§ INFORMATION:
────────────────

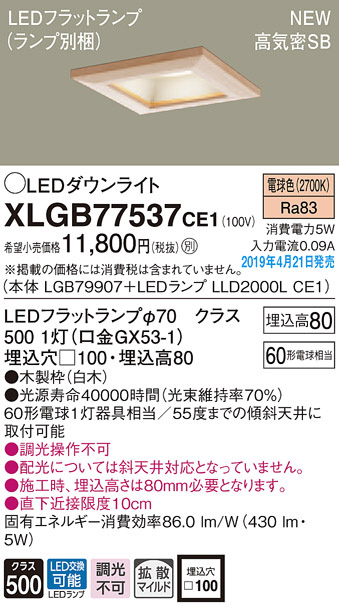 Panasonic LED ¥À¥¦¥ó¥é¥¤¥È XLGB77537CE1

────────────────

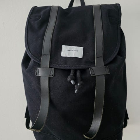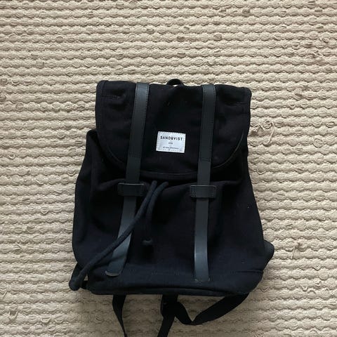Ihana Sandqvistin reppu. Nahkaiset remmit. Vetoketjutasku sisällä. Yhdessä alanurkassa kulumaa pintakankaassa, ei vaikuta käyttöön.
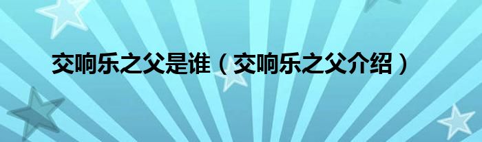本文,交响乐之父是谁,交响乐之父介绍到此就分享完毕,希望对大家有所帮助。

────────────────

§ TASK OBJECTIVE: Above are records; repeat only the lines from the line with "Ihana Sandqvistin reppu." through the line with "本文,交响乐之父是谁,交响乐之父介绍到此就分享完毕,希望对大家有所帮助。", and leave pictures out.

§ EXERCISE SOLUTION:
Ihana Sandqvistin reppu. Nahkaiset remmit. Vetoketjutasku sisällä. Yhdessä alanurkassa kulumaa pintakankaassa, ei vaikuta käyttöön.
本文,交响乐之父是谁,交响乐之父介绍到此就分享完毕,希望对大家有所帮助。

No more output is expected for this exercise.